Today, I woke up scared. In that just-awakened state that maintains the undefended clarity of a dreaming sleep, it was as if some longtime assumptions were shattering or shattered and the remaining shards were somehow closing in, sucking from things the safety once provided, weakening what was once 'strong,' and stifling the moment in some mortal way. It was, and to a certain extent remains, frightening.
At the nearest point to sleep, there was a piece of a dream to remember. In the dream, Bruce, a guy I roomed with at the monastery I flunked out of, was lying on the floor in his robes and talking about Zen with a third unrecognized person off to my right. Bruce was a guy I knew as very strong in his determination in practice. If he was slightly dotty in my mind, still I knew him to be kind. Bruce once memorized the entire Diamond Sutra -- a thing that few if any monks in Japan had accomplished. The whole damned thing! Wow! Useful or useless, it was a hell of an effort.
Anyway, Bruce lay on the floor, saying something about Zen practice to the third person in the scene. He broke into a chant -- something we both knew in easy memory, maybe the Heart Sutra or maybe the Kanzeon ten-clause sutra ... easy stuff -- and part way through the chant, he lost his way. He had recited part of it, but then, with a mock-sheepish humor, segued into something akin to "yadda, yadda, yadda..." And as he said this, he looked up at me, knowing I would know he had forgotten ... and, with a challenging smile, he winked. He really had forgotten and, like it or lump it, wasn't that the way of things? the honest way? the way we had both, in our own ways, worked so hard on in the past? the way that, if it were any good, was bound to go poof?
It was all as easy as pie on the one hand. And, on the other, it was scary.

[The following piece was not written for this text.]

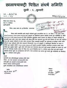दुहबी / दुहबी ६ स्थित रहेको टैनरिजछाला उद्योग लाई वातावरणिय मुल्यांकन (IEE) गर्न सिफारिस नदिन नगर प्रमुख र वडा कार्यालय लाई गत मंगलबार लिखित रुपमा छाला उद्योग विरुद्ध बनेका स्थानीय संघर्ष समितिले आग्रह गरेका छन।

The proximate cause of waking up afraid, I imagine, is the fact that today I will sign the papers that will assure my retirement from the newspaper. That signature will seal my fate. And in a lousy economy with a family I would like to defend and support, the pay cut will mean a large shift in how things work ... how the house runs, how I run. My investigations into health care insurance and other issues connected to a 'life without work' have been exhausting and frustrating and somehow guiltifying ... how come I can't just keep going, keep on keepin' on, keep up the efforts that provided for myself and others ... it all seems simultaneously imperative (the newspaper is dying and I am tired) and somehow insane. How can I lay claim to control when there is so much evidence that I am not in control? What was once an easy, complain-about-it habit is now falling to bits and those bits surround and smother and mock me.
But another slightly-strange aspect of the situation is this: I am not afraid at all. It all feels appropriate and relieving in some sense, as if I had been carrying a suitcase and it had been heavy and now I got to put it down. So ... on the one hand is the whine-festival of fear and on the other is some relieving exhalation that whispers, "There. Isn't that better? Stick with the facts."
Yesterday, my older son took part in a track competition. For reasons that escape me, he throws the discus. If, he told me before the competition, he threw the discus 118 feet, he would be eligible to join a statewide competition. He really wanted to join that group -- that wider, more accomplished group -- and yet had never thrown 118 feet.
Yesterday, he did it. And as he came towards me after that accomplished throw, I congratulated him with an ironic, "Too bad, Angus." And he smiled. Like Bruce, he knew the meaning of a wink.